From smoothly automating away hours of IT drudgery to providing configuration management of machines on site or in the cloud, Ansible is a popular platform for modern software deployments.
At the end of our two-part series on OpenStack, we briefly mentioned that Ansible is one of the technologies that can be used to manage OpenStack, in addition to the Python OpenStack APIs and the OpenStackClient (which is written in Python).
Python, as it turns out, is an integral part of Ansible.
What Ansible Does
In a nutshell, Anisble is configuration management and IT automation software which runs on a designated system, called a controlling machine. The controlling machine in turn manages other systems, referred to as nodes. This managing includes:
- Configuration of network interfaces
- Installing and configuring additional software (like service daemons)
- Starting, stopping, adding, removing, and reconfiguring elements of a software stack in the correct order (orchestration)
How Ansible performs this is what sets it apart form simliar software like Chef and Puppet: instead of requiring software (agents) running on the nodes—consuming the node's resources and continuously polling the controlling machine—Ansible is agentless.
How Ansible Uses Python
Instead of having software agents constantly running on the nodes, Ansible pushes packages of executable code to the nodes. Those code packages are called modules and can be written in any language which supports JSON, including Python (and other scripting languages like Ruby and Perl). SSH is used to both push out the modules to the nodes and to transport information from the nodes back to the controlling machine. Thus, Python and SSH are Ansible's only two required dependencies.
Ansible itself is written in Python, as evidenced by it's GitHub repo. Python is also the language used for the APIs which developers can use to extend Ansible's connection types (SSH is the default, but not the only choice) and add new server-side functionality.
When it comes to everyday use, Python mainly works behind the scenes. That's because Ansible doesn't requre users to write any scripts. The modules which do the work are called indirectly from playbooks, the simple files in YAML format which tell the controlling machine what to do the one or more nodes.

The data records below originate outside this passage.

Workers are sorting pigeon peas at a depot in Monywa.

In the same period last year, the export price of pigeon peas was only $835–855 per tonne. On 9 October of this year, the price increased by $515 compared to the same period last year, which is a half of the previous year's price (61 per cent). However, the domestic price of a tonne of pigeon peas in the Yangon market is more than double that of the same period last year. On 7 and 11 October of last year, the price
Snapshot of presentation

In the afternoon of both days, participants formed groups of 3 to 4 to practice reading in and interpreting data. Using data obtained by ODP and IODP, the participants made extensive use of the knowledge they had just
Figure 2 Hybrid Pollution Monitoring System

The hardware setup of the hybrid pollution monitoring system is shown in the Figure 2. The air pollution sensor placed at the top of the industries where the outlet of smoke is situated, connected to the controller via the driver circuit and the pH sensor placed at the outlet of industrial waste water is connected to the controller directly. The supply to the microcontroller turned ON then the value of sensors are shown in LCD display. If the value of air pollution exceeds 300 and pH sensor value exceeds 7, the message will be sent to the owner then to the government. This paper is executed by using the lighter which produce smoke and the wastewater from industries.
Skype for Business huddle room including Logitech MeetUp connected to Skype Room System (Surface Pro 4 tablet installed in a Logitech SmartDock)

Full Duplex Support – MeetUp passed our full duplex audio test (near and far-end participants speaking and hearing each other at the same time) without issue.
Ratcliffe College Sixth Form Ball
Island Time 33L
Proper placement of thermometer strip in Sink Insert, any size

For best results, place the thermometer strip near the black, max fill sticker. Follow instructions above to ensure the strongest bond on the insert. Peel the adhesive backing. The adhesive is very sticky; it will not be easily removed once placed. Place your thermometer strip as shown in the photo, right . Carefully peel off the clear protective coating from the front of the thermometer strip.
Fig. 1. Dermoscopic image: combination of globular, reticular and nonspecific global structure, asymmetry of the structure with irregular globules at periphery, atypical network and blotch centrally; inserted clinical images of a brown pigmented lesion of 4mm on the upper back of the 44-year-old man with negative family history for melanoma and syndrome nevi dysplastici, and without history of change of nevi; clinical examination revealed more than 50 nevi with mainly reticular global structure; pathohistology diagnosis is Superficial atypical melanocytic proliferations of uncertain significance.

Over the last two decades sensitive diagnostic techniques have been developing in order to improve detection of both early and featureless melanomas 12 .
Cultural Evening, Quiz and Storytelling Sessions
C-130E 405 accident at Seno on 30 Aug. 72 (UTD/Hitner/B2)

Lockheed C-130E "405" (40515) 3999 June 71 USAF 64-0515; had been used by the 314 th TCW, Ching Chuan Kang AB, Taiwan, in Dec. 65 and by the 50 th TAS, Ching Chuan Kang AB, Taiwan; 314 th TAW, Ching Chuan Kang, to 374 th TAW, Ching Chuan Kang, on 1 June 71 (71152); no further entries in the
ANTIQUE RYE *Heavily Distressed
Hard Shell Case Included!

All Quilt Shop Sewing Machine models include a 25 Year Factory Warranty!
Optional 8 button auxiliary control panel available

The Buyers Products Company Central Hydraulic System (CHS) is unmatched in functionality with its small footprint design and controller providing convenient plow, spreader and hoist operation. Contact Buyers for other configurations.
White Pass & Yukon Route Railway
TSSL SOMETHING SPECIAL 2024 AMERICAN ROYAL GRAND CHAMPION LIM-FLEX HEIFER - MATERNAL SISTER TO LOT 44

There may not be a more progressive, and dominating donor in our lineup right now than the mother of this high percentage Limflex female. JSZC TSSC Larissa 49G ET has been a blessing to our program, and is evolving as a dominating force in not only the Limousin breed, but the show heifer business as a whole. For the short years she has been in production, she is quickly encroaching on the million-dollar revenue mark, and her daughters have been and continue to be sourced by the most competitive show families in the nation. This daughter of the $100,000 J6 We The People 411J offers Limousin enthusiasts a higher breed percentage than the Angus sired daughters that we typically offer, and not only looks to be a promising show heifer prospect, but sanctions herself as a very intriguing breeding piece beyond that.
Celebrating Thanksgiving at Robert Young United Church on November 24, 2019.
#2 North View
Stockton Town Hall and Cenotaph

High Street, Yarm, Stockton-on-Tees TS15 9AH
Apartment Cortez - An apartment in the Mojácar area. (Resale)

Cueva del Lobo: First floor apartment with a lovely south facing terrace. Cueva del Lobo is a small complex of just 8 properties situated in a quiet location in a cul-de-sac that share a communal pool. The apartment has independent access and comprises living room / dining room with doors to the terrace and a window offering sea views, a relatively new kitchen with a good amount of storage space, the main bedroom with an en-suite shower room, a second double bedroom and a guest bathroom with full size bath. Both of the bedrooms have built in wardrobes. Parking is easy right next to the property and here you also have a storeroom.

Compatibility and Flexibility
Although Ansible controlling machines must be Linux or UNIX systems, the managed nodes can be computers running Windows. In that case, PowerShell remoting is used in place of SSH. Since Python is an interpreted, cross-platform language, Ansible otherwise works the same as it would on UNIX-like systems.
Automating Orchestration
But let's finish where we began: with OpenStack. Ansible's powerful, yet simple orchestration abilities is a perfect match for the complexity which accompanies OpenStack's power. Orchestration is the correct scheduling and synchronizing of critcal tasks like bringing up and tearing down the individual systems, services, and interfaces that comprise a software solution stack. For modern large-scale (read: enterprise) software deployment, this is just as necessary as managing the configuration of those individual pieces.
Ansible relies on Python not just for much of it's own codebase and the modules by which it automates previously time-intensive workflows, but also for enabling a worldwide community of developers to extend is capabilities through various APIs. Python is a big contributor to Ansible's towering presence.